◆ **WHAT YOU ARE ASKED TO DO**
Look through the material below. Return exactly the lines from the one with "さけのクリームスパゲッティ、キャベツときゅうりのサラダ、黒糖パン小、牛乳" through the one with "Christian Louboutin Black", both included.

◆ **DATASET CONTENT**
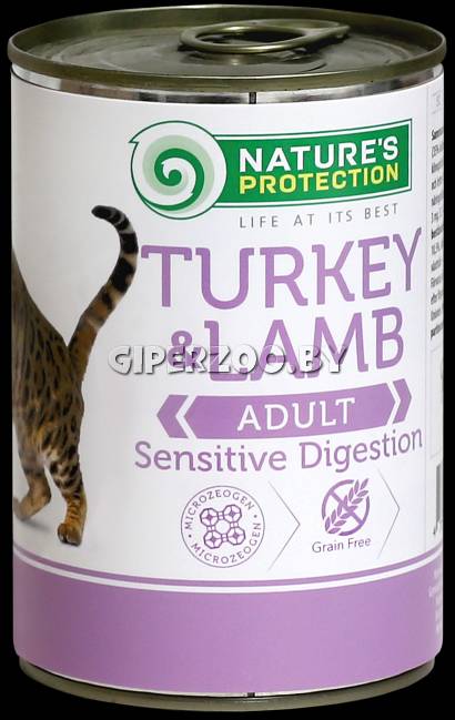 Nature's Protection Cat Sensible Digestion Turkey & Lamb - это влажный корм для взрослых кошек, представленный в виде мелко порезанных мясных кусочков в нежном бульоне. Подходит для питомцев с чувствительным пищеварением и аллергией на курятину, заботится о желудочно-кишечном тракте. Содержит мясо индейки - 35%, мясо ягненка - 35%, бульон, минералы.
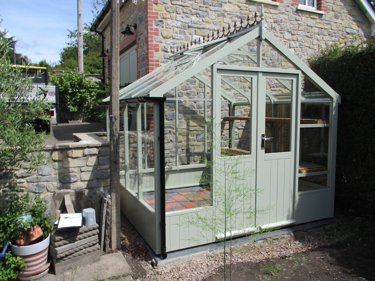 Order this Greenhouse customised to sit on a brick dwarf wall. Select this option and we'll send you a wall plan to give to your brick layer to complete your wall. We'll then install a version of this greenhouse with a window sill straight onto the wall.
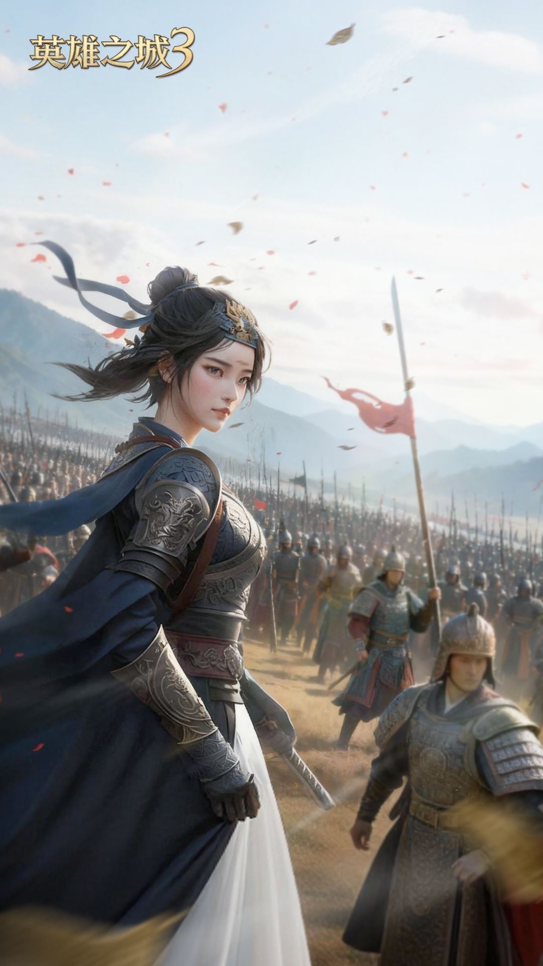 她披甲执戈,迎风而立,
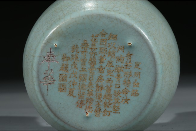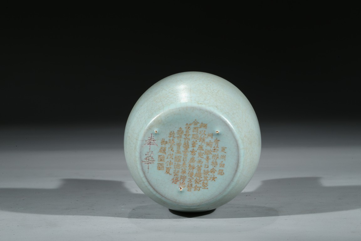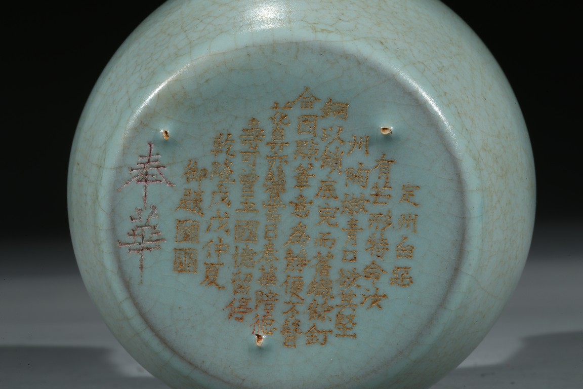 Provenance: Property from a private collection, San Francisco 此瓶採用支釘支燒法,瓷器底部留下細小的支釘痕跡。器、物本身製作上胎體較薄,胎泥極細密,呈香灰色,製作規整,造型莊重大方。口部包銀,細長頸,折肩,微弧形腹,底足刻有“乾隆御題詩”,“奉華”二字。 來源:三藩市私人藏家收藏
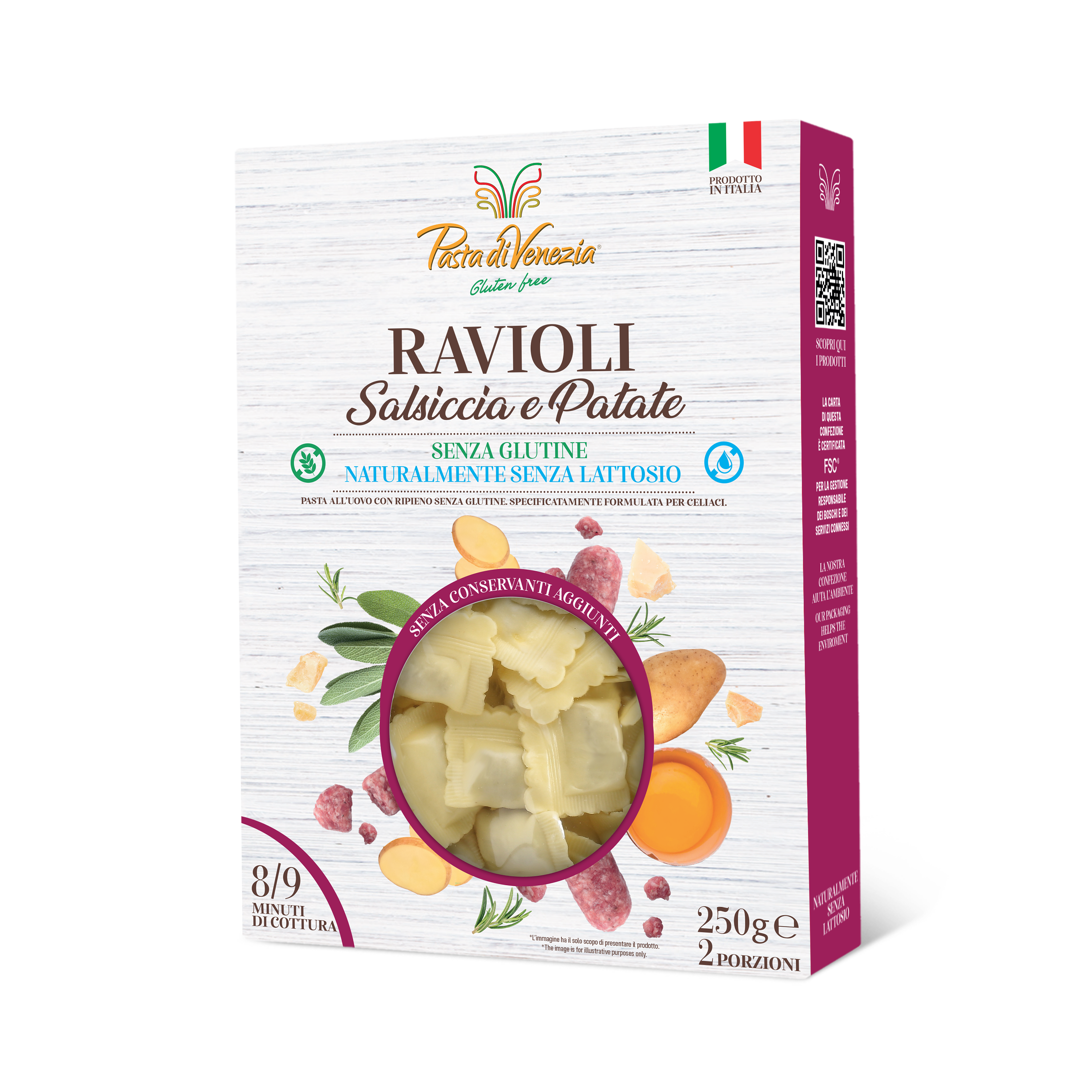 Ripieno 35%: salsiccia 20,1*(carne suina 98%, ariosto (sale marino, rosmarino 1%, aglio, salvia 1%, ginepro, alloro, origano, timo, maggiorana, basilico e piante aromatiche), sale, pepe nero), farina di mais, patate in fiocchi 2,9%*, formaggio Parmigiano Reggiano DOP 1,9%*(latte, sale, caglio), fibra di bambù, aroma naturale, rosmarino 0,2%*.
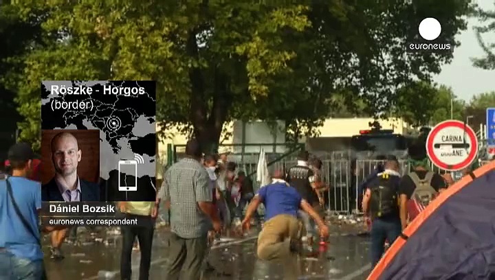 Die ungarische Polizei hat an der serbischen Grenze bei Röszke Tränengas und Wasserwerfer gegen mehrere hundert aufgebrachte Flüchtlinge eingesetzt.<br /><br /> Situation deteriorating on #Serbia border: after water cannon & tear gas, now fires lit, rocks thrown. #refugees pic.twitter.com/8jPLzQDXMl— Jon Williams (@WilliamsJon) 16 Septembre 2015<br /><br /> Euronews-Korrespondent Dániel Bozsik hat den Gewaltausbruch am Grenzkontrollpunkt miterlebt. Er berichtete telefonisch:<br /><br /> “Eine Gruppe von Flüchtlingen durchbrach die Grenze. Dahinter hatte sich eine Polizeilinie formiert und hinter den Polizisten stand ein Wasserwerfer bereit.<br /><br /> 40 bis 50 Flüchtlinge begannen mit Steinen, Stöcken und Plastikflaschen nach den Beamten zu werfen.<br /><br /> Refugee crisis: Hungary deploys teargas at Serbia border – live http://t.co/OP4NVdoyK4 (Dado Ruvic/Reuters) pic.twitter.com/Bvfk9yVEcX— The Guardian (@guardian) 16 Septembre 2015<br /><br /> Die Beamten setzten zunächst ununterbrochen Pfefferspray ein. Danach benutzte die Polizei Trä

--

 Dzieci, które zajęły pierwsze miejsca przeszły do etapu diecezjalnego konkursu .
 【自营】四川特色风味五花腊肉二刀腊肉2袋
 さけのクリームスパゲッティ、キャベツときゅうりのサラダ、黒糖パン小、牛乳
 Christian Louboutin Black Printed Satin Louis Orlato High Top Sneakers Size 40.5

◆ **OUTPUT**
 さけのクリームスパゲッティ、キャベツときゅうりのサラダ、黒糖パン小、牛乳
 Christian Louboutin Black Printed Satin Louis Orlato High Top Sneakers Size 40.5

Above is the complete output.